Give back every record below word for word, with the pictures omitted.

+++ Data for the task

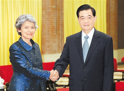 新华社深圳8月11日电 (记者刘东凯 孔博) 国家主席胡锦涛11日在广东省深圳市会见了来华访问并出席第26届世界大学生运动会开幕式的联合国教科文组织总干事博科娃。
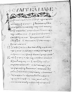 The text is divided according to chapters (known as κεφαλαια / kephalaia), whose numbers are given at the margin, and the titles (known as τιτλοι / titloi) written at the top of the pages. There is also a division according to the Ammonian Sections (in Mark 234, the last section in 16:9), with references to the Eusebian Canons added by later hand (these were an early system of dividing the four Gospels into different sections).[4] It contains the tables of the κεφαλαια / tables of contents before each Gospel (however these are inaccurate), and subscriptions at the end of each Gospel. It also contains the Synaxarion (an index to the weekly lessons to be read out in a church).[4] The manuscript was extensively altered by a later hand.[5]
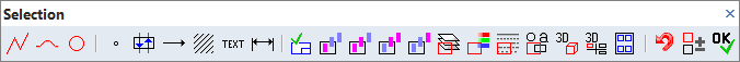Example of 2D toolbar available for selection of single objects, and additional option icons
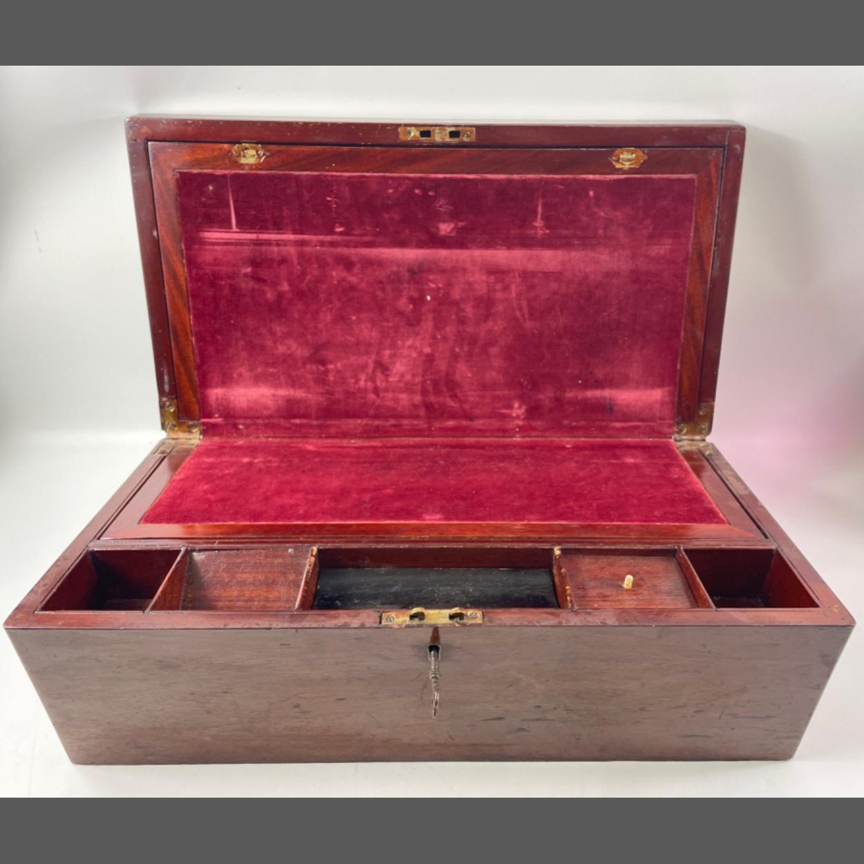 A nice VICTORIAN mahogany correspondence box - dimensions 51cm long x 16cm wide x 17cm depth approx
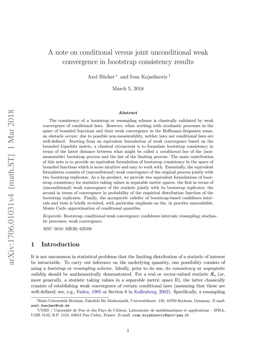 The consistency of a bootstrap or resampling scheme is classically validated by weak convergence of conditional laws. However, when working with stochastic processes in the space of bounded functions and their weak convergence in the Hoffmann-J{\o}rgensen sense, an obstacle occurs: due to possible non-measurability, neither laws nor conditional laws are well-defined. Starting from an equivalent formulation of weak convergence based on the bounded Lipschitz metric, a classical circumvent is to formulate bootstrap consistency in terms of the latter distance between what might be called a \emph{conditional law} of the (non-measurable) bootstrap process and the law of the limiting process. The main contribution of this note is to provide an equivalent formulation of bootstrap consistency in the space of bounded functions which is more intuitive and easy to work with. Essentially, the equivalent formulation consists of (unconditional) weak convergence of the original process jointly with two bootstrap replicates. As a by-product, we provide two equivalent formulations of bootstrap consistency for statistics taking values in separable metric spaces: the first in terms of (unconditional) weak convergence of the statistic jointly with its bootstrap replicates, the second in terms of convergence in probability of the empirical distribution function of the bootstrap replicates. Finally, the asymptotic validity of bootstrap-based confidence intervals and tests is briefly revisited, with particular emphasis on the, in practice unavoidable, Monte Carlo approximation of conditional quantiles.

++++++

**Output for this exercise**
 新华社深圳8月11日电 (记者刘东凯 孔博) 国家主席胡锦涛11日在广东省深圳市会见了来华访问并出席第26届世界大学生运动会开幕式的联合国教科文组织总干事博科娃。
 The text is divided according to chapters (known as κεφαλαια / kephalaia), whose numbers are given at the margin, and the titles (known as τιτλοι / titloi) written at the top of the pages. There is also a division according to the Ammonian Sections (in Mark 234, the last section in 16:9), with references to the Eusebian Canons added by later hand (these were an early system of dividing the four Gospels into different sections).[4] It contains the tables of the κεφαλαια / tables of contents before each Gospel (however these are inaccurate), and subscriptions at the end of each Gospel. It also contains the Synaxarion (an index to the weekly lessons to be read out in a church).[4] The manuscript was extensively altered by a later hand.[5]
Example of 2D toolbar available for selection of single objects, and additional option icons
 A nice VICTORIAN mahogany correspondence box - dimensions 51cm long x 16cm wide x 17cm depth approx
 The consistency of a bootstrap or resampling scheme is classically validated by weak convergence of conditional laws. However, when working with stochastic processes in the space of bounded functions and their weak convergence in the Hoffmann-J{\o}rgensen sense, an obstacle occurs: due to possible non-measurability, neither laws nor conditional laws are well-defined. Starting from an equivalent formulation of weak convergence based on the bounded Lipschitz metric, a classical circumvent is to formulate bootstrap consistency in terms of the latter distance between what might be called a \emph{conditional law} of the (non-measurable) bootstrap process and the law of the limiting process. The main contribution of this note is to provide an equivalent formulation of bootstrap consistency in the space of bounded functions which is more intuitive and easy to work with. Essentially, the equivalent formulation consists of (unconditional) weak convergence of the original process jointly with two bootstrap replicates. As a by-product, we provide two equivalent formulations of bootstrap consistency for statistics taking values in separable metric spaces: the first in terms of (unconditional) weak convergence of the statistic jointly with its bootstrap replicates, the second in terms of convergence in probability of the empirical distribution function of the bootstrap replicates. Finally, the asymptotic validity of bootstrap-based confidence intervals and tests is briefly revisited, with particular emphasis on the, in practice unavoidable, Monte Carlo approximation of conditional quantiles.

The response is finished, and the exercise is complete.